Fair warning: If you have never used PHP, and had to click on that Wikipedia link up there, you can probably go ahead and skip this post entirely.
- Data structures: PHP has one data structure, which PHP coders refer to as an "array". I refuse to call it that, for the simple reason that it's actually not an array, or indeed any kind of named data structure. What PHP calls an array is actually closer to a hash table, only not really because it also has ordered keys, so that it can act like either an array or a hash table. The question occasionally comes up: If I want to use a PHP array as an array, what do I do when it's actually a hash table, or vice versa? The answer, if you're a PHP dev, is: Pretty much whatever the hell you want. Consistency? Who needs it!
- Security: It is pretty easy, all things considered, to write secure PHP code. The problem, unfortunately, is that it's much much easier to write insecure code. Generally, programmers get the blame, and rightly so, but the language deserves at least some of it. There are some PHP "features" that are such obvious security clusterfucks that it's a wonder they ever made it in in the first place. Two of the more glaring ones are remote includes, where you can pull a file off the internet and execute it, and register_globals, which allows the remote user to put whatever the hell variables they want in your global scope.

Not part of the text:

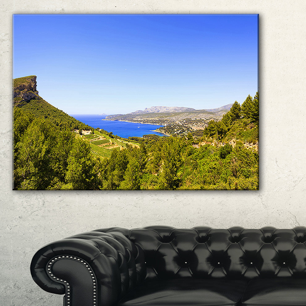 The Cassis Bay from Route des Cretes canvas art print is sure to make an impression on anyone who sees it. This artwork is gallery wrapped around a 1-inch solid wood frame and arrives carefully packaged and entirely ready to hang on the wall. Design Art only uses the highest resolution and pigments to ensure a crisp colorful print that is never faded or pixelated. This artwork is sure to be a conversation starter in any home or office.
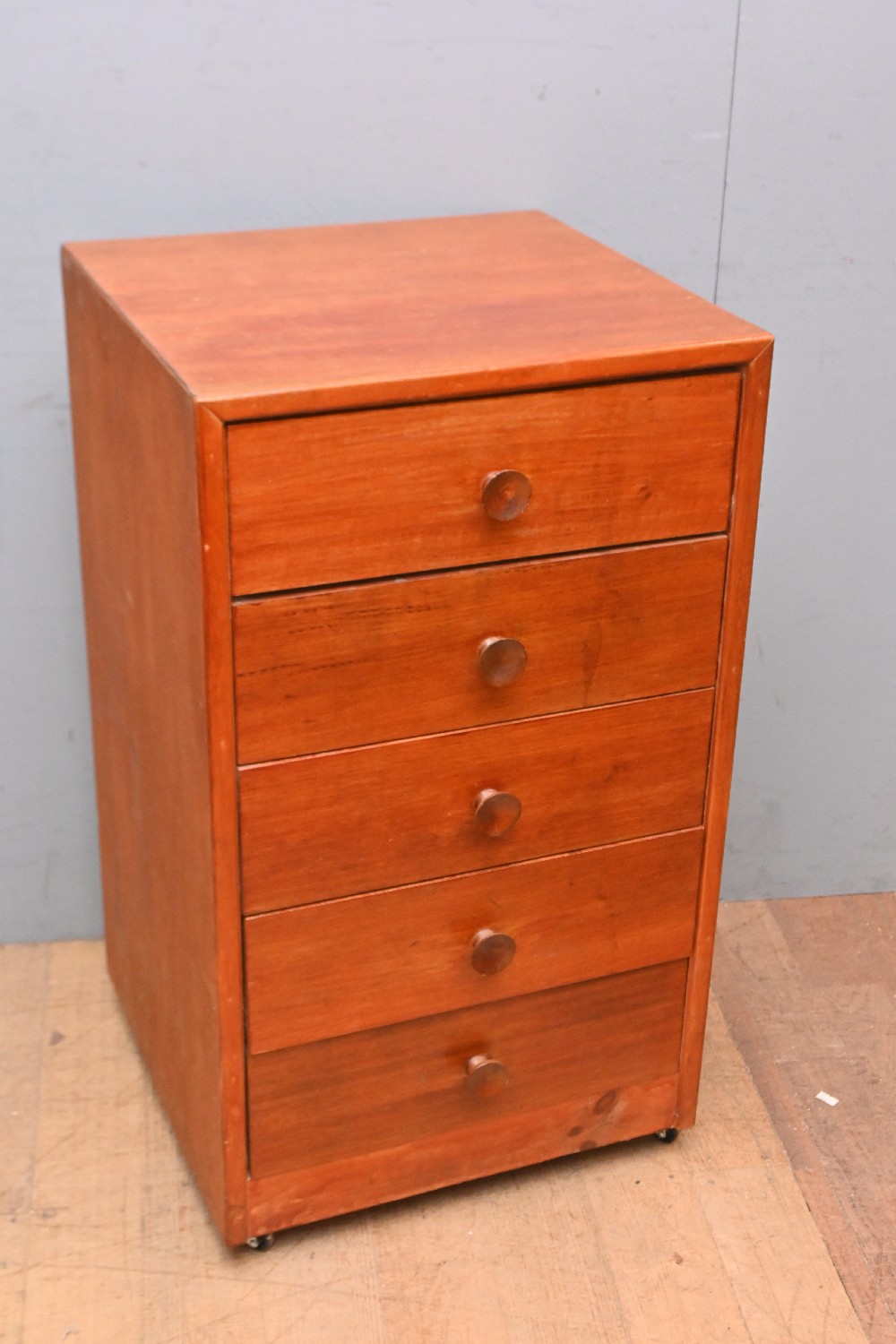 A 1970S FIVE DRAWER CHEST (A/F) (85H X 48W X 46D CM) (LEONARD JOEL DELIVERY SIZE: LARGE)

- Configuration files: When core language behavior is controlled by a configuration file, it really makes it hard to write code that will work everywhere. The most egregious example I can think of is magic quotes, which when enabled will break scripts that don't expect it, and vice versa. (Magic quotes are stupid for several other reasons; I'll get to that later.) When you make core language features configurable, it saves you some pain in the short run, but in the end you have to handle both cases properly in your scripts. More proof that it's a bad idea: name one other language, any one is fine, that has core language behavior made optional by a configuration file.

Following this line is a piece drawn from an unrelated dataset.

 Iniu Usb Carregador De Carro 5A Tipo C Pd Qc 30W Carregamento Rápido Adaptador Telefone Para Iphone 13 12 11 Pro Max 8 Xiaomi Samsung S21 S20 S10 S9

- Poor feature support: What do namespaces, threads, compiled modules, arrays, Unicode support, and comprehensive standard libraries all have in common? None of them can be found in PHP. (Actually, Unicode is supported through a few different competing PHP extensions, none of which are guaranteed to be enabled. If you're willing to count that as Unicode support, you might be beyond help.)
- The whole "whatever works" attitude: Frankly, this attitude is pervasive when it comes to PHP, but my personal favorite example is magic quotes. One day, somebody realized that a lot of PHP scripts were vulnerable to SQL injections. There are a lot of solutions to this problem, but the path PHP eventually chose was to preescape all the strings coming into a script, just in case they would end up in a database query. This fixes most of the poorly written scripts out there, at the expense of breaking all the scripts that were correct in the first place. Normally, you'd prioritize working code over broken code, right? That is why you're not a PHP developer. They saw something that would work most of the time, and they grabbed for it, and we're still paying for it today in all the extra backslashes you occasionally see on the web.
Overall, my problem with PHP is that the language was never really designed; it started as a glorified template processor and just kind of aggregated from there. Nobody ever actually steps back and looks at the design of the language, and it really shows, in a ton of little ways.